+++ Material for this exercise
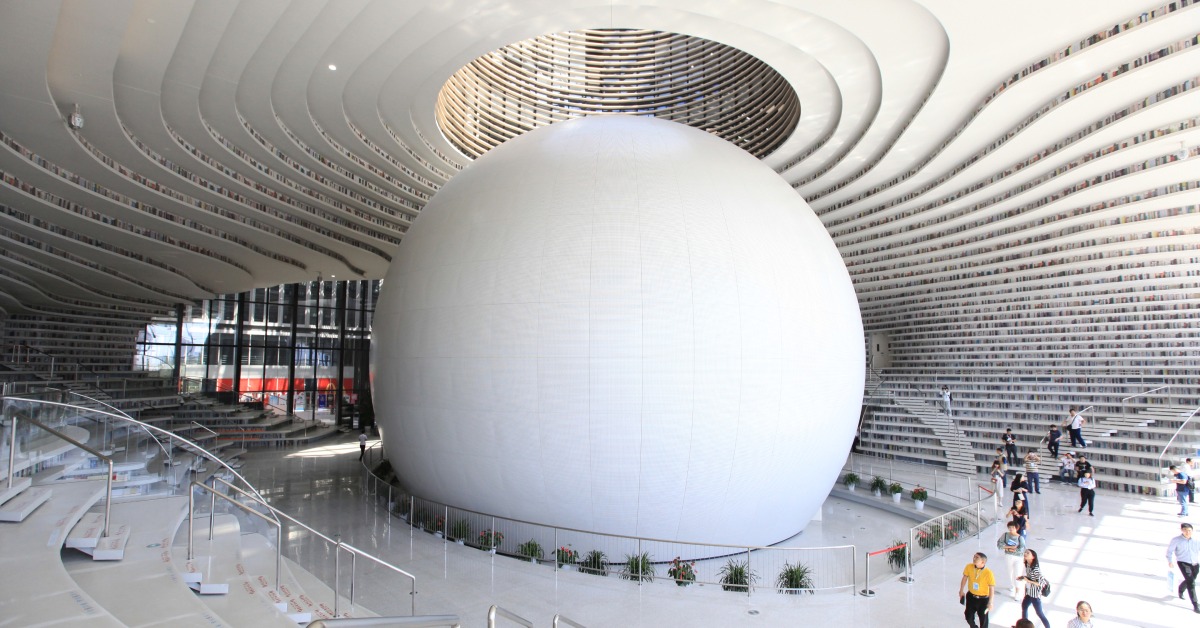「濱海之眼」內藏「書山」 破格的「天津濱海圖書館」
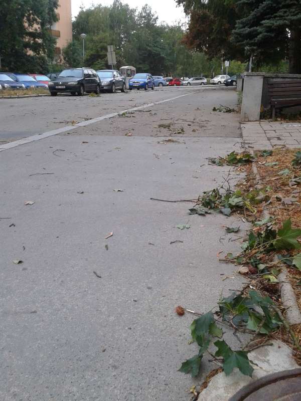 Tak zatímco v sobotu na mě v autě vykoukla příjemná teplota, v neděli konečně po víc jak měsíci pořádně zapršelo. Křáky v té bouřce lítaly po ulici jak na divokým západě a s obavami jsem taky sledoval stromy, které se v náporu větru ohýbaly nad auta na parkovišti. Nakonec to dobře dopadlo a jediná památka po bouřce byl ranní borel na ulici.
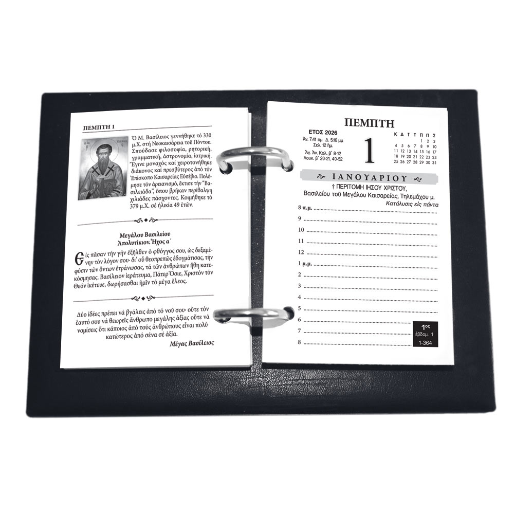 Περιέχει: Εικόνα εορτάζοντος Αγίου κάθε μέρα Συνοπτικά ο βίος του εορτάζοντος Αγίου Απολυτίκιον ή Κοντάκιον Eπιλεγμένα πατερικά αποφθέγματα Αγιογραφικά αναγνώσματα Νηστείες
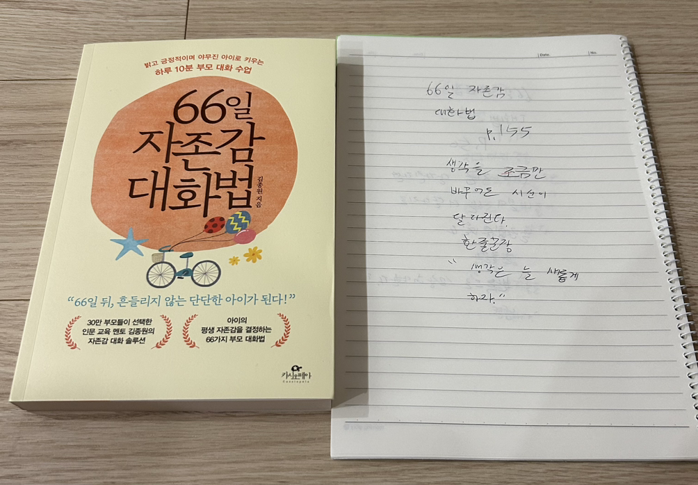 1. 66일 자존감 대화법 155p를 읽고 중3 필사
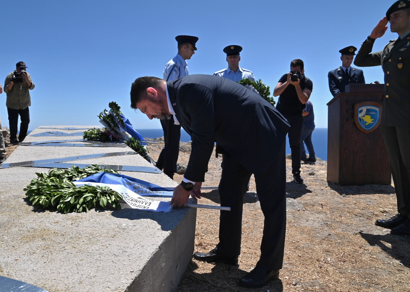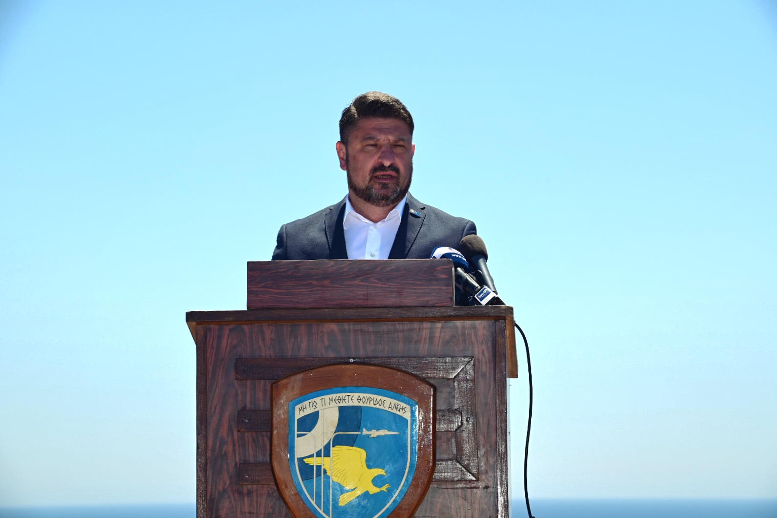 Ο Υφυπουργός Εθνικής Άμυνας, μετά την τέλεση της επιμνημόσυνης δέησης, κατέθεσε στεφάνι στο Μνημείο του Ήρωα, ενώ στον χαιρετισμό του ανέφερε τα εξής:
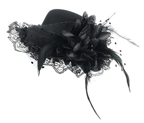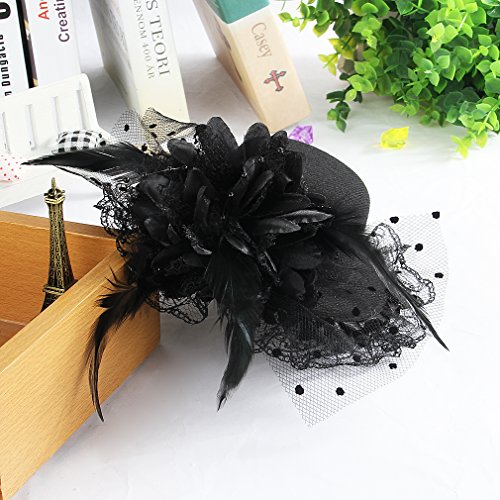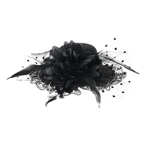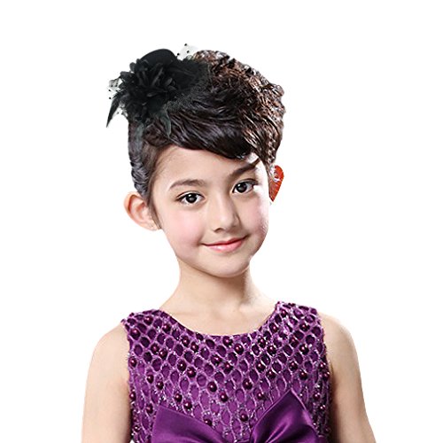 GEMVIE ヘアアクセサリー キッズ 髪飾り チュール お花飾り 子供 ヘアピン ミニハット ヘッドドレス ガールズ 髪留め 結婚式 発表会 ブラック
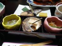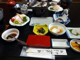| 清く正しい旅館の朝食という料理が並びました。朝食の方はちょうどよい量でした。 |
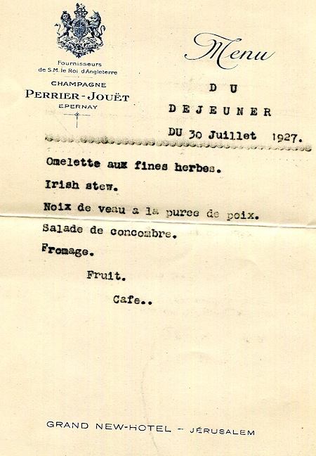 Palestine Jerusalem Grand New Hotel Hotel Menu 1927
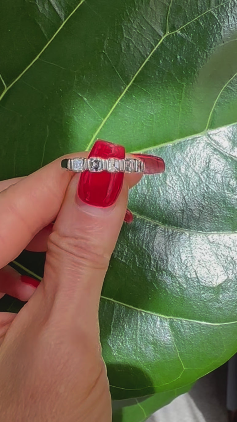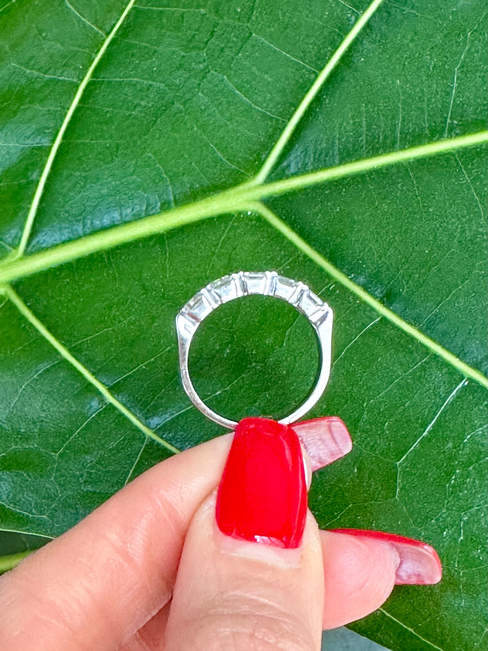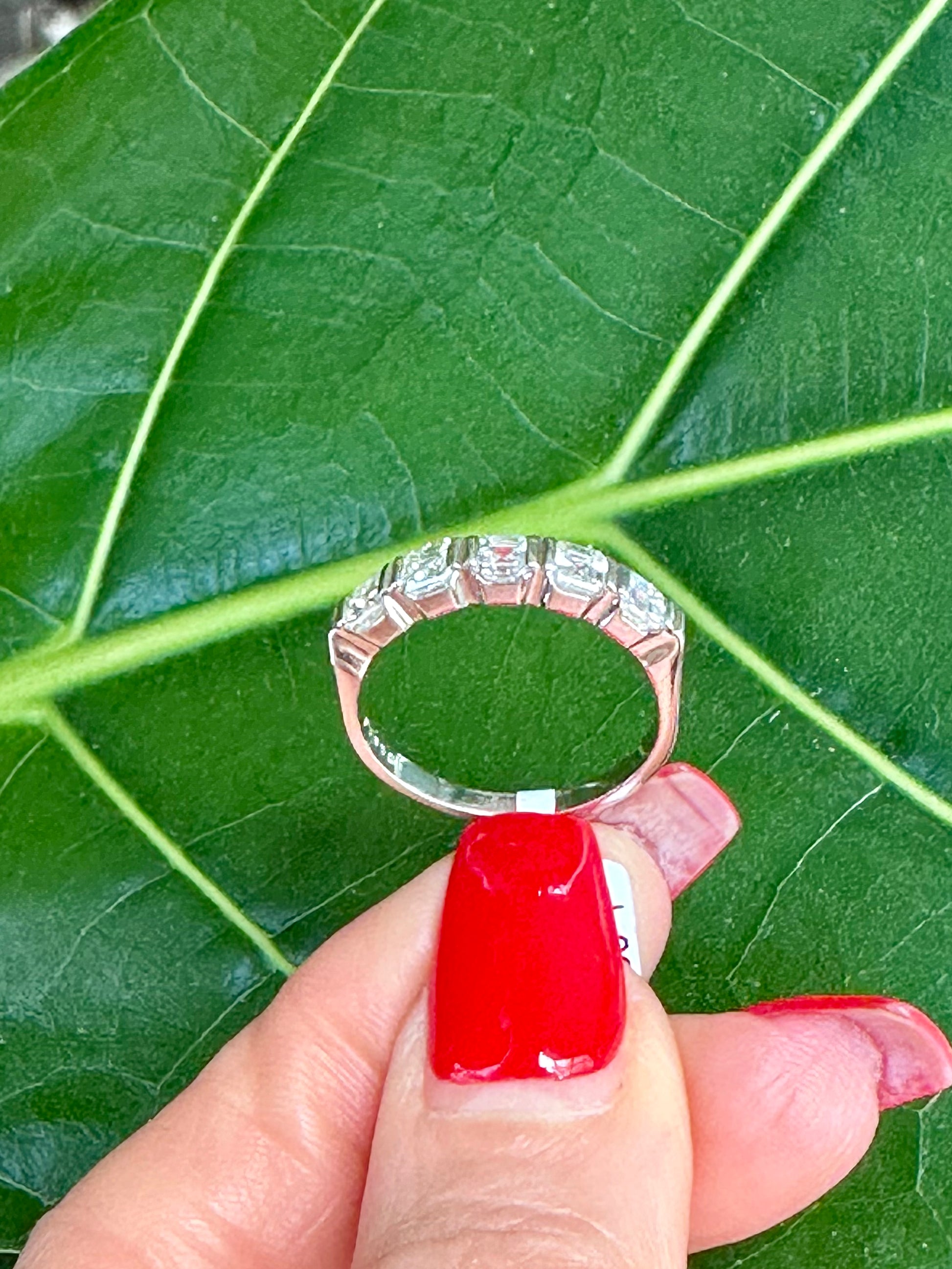Expertly crafted with five carefully selected, natural asscher cut diamonds, this platinum band is the perfect complement to your engagement ring. Its smooth touch and timeless, elegant design make it a great addition for those who love to stack rings. Upgrade your accessory game with this classic and sophisticated piece.
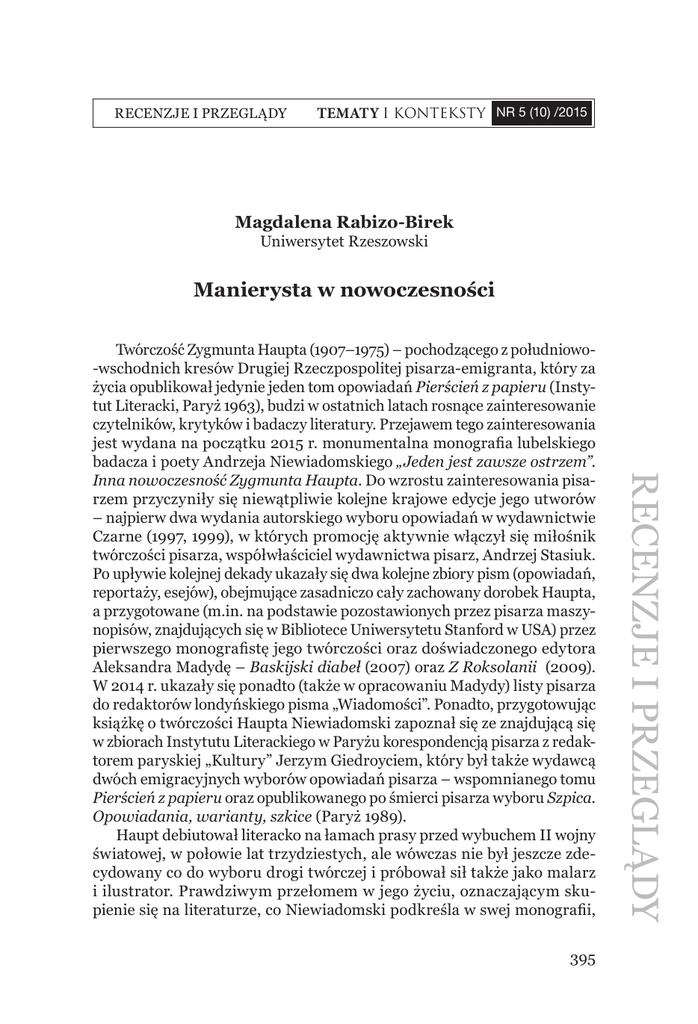 RECENZJE I PRZEGLĄDY TEMATY I KONTEKSTY NR 5 (10) /2015 Magdalena Rabizo-Birek Uniwersytet Rzeszowski Manierysta w nowoczesności 395 RECENZJE I PRZEGLĄDY Twórczość Zygmunta Haupta (1907–1975) – pochodzącego z południowo-wschodnich kresów Drugiej Rzeczpospolitej pisarza-emigranta, który za życia opublikował jedynie jeden tom opowiadań Pierścień z papieru (Instytut Literacki, Paryż 1963), budzi w ostatnich latach rosnące zainteresowanie czytelników, krytyków i badaczy literatury. Przejawem tego zainteresowania jest wydana na początku 2015 r. monumentalna monografia lubelskiego badacza i poety Andrzeja Niewiadomskiego „Jeden jest zawsze ostrzem”. Inna nowoczesność Zygmunta Haupta. Do wzrostu zainteresowania pisarzem przyczyniły się niewątpliwie kolejne krajowe edycje jego utworów – najpierw dwa wydania autorskiego wyboru opowiadań w wydawnictwie Czarne (1997, 1999), w których promocję aktywnie włączył się miłośnik twórczości pisarza, współwłaściciel wydawnictwa pisarz, Andrzej Stasiuk. Po upływie kolejnej dekady ukazały się dwa kolejne zbiory pism (opowiadań, reportaży, esejów), obejmujące zasadniczo cały zachowany dorobek Haupta, a przygotowane (m.in. na podstawie pozostawionych przez pisarza maszynopisów, znajdujących się w Bibliotece Uniwersytetu Stanford w USA) przez pierwszego monografistę jego twórczości oraz doświadczonego edytora Aleksandra Madydę – Baskijski diabeł (2007) oraz Z Roksolanii (2009). W 2014 r. ukazały się ponadto (także w opracowaniu Madydy) listy pisarza do redaktorów londyńskiego pisma „Wiadomości”. Ponadto, przygotowując książkę o twórczości Haupta Niewiadomski zapoznał się ze znajdującą się w zbiorach Instytutu Literackiego w Paryżu korespondencją pisarza z redaktorem paryskiej „Kultury” Jerzym Giedroyciem, który był także wydawcą dwóch emigracyjnych wyborów opowiadań pisarza – wspomnianego tomu Pierścień z papieru oraz opublikowanego po śmierci pisarza wyboru Szpica. Opowiadania, warianty, szkice (Paryż 1989). Haupt debiutował literacko na łamach prasy przed wybuchem II wojny światowej, w połowie lat trzydziestych, ale wówczas nie był jeszcze zdecydowany co do wyboru drogi twórczej i próbował sił także jako malarz i ilustrator. Prawdziwym przełomem w jego życiu, oznaczającym skupienie się na literaturze, co Niewiadomski podkreśla w swej monografii, Magdalena Rabizo-Birek było doświadczenie wojenne, czynny udział w randze oficera w kampanii wrześniowej, opuszczenie po agresji ZSRR 17 września 1939 r. na zawsze ojczystego kraju, przedostanie się na Zachód – najpierw do Francji, gdzie uczestniczył w formowaniu się polskich sił zbrojnych, a po jej kapitulacji w 1941 r. do Wielkiej Brytanii, i w końcu, tuż po zakończeniu wojny, przenosiny z rodziną do USA. W latach wojny Haupt napisał kilkanaście opowiadań, które, choć w części były publikowane w pismach żołnierskich, a w 1946 r. przygotowane przez pisarza w formie zbioru, nigdy się w tak zaprojektowanej formie nie ukazały. Podobnie zresztą jak nie został opublikowany zaplanowany przez niego tak zwany Ostatni zbiór opowiadań. Wspominam o tych znamiennych faktach, ponieważ jednym z zagadnień, które Niewiadomski porusza w swojej monografii – w rozdziale czwartym zatytułowanym Jak należałoby wydawać (i czytać) prozę Zygmunta Haupta? – jest problem najwłaściwszej formy edycji zachowanego dorobku pisarza. Nasuwa się paralela z dziejami twórczości Cypriana Norwida, którego pisma w pełnej postaci ukazały się dopiero w latach osiemdziesiątych XX wieku. Propozycja Niewiadomskiego, krytykującego arbitralnie wartościujące wybory utworów Haupta przygotowane przez Madydę (choć podkreślającego jednocześnie jego edytorską sumienność i badawczą wnikliwość), zmierza w kierunku wytyczonym przez takie edycje dzieł zebranych, w których utwory są zamieszczone wedle uprawianych przez pisarzy rodzajów i gatunków twórczości, z zachowaniem integralności zredagowanych przez nich tomów, jeśli takowe wersje się zachowały. Przyznam, że propozycja przygotowania i wydania w taki sposób dzieł zebranych Haupta, w której znalazłby się także tom z wariantami utworów oraz zawierający jego ilustracje prasowe, projekty graficzne, reprodukcje zachowanych rysunków, grafik i obrazów, wydaje mi się bardzo fortunna i potrzebna. Wiele bowiem wskazuje na to, że Haupt, choć nie stał się jeszcze, a może nigdy nie stanie z powodu trudnej oryginalności i nowatorstwa, autorem popularnym i masowo czytanym, jest w zgodnej opinii krytyków i literaturoznawców twórcą wybitnym, prekursorem wielu nurtów współczesnej (i najnowszej) polskiej literatury, godnym pozycji jej klasyka. Miarodajna w tym względzie wydaje mi się przekazana mi w prywatnym liście opinia Henryka Berezy, który po krajowej publikacji Pierścienia z papieru napisał, że Haupt jest najwybitniejszym po Gombrowiczu emigracyjnym prozaikiem. A zważmy, że jego „konkurentami” w tym rodzaju literackim są takie postaci, jak Józef Mackiewicz, Gustaw Herling-Grudziński, Andrzej Bobkowski i Zofia Romanowiczowa, by wymienić tylko najwybitniejszych emigracyjnych prozaików z generacji wojennej. Niewiadomski nie formułuje w swojej książce jednoznacznie wartościującej opinii na temat pisarstwa Haupta, choć z pewnością najwyższe uznanie dla jego dorobku – sugerowane choćby w cytacie wybranym jako jej tytuł – leży u źródeł podjętego przez niego imponującego, poznawczego wysiłku. Ukazuje wielkość autora Szpicy przez badawczą skrupulatność 396 Manierysta w nowoczesności i interpretacyjno-analityczną wnikliwość, pozwalającą mu w kolejnych rozdziałach odsłaniać misterną konstrukcję formalną oraz ściśle z nią powiązaną złożoność znaczeniową omawianych utworów. Konfrontuje jego pisarstwo z dziełami mistrzów polskiego modernizmu: Miciń
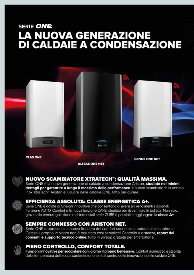 Serie ONE è la nuova generazione di caldaie a condensazione Ariston, studiate nei minimi
++++++
Exercise description
In the listing above, find the line containing "Palestine Jerusalem Grand" and the line containing "Expertly crafted with". Print those two lines and every line between them exactly, with no pictures.

Answer box
 Palestine Jerusalem Grand New Hotel Hotel Menu 1927
Expertly crafted with five carefully selected, natural asscher cut diamonds, this platinum band is the perfect complement to your engagement ring. Its smooth touch and timeless, elegant design make it a great addition for those who love to stack rings. Upgrade your accessory game with this classic and sophisticated piece.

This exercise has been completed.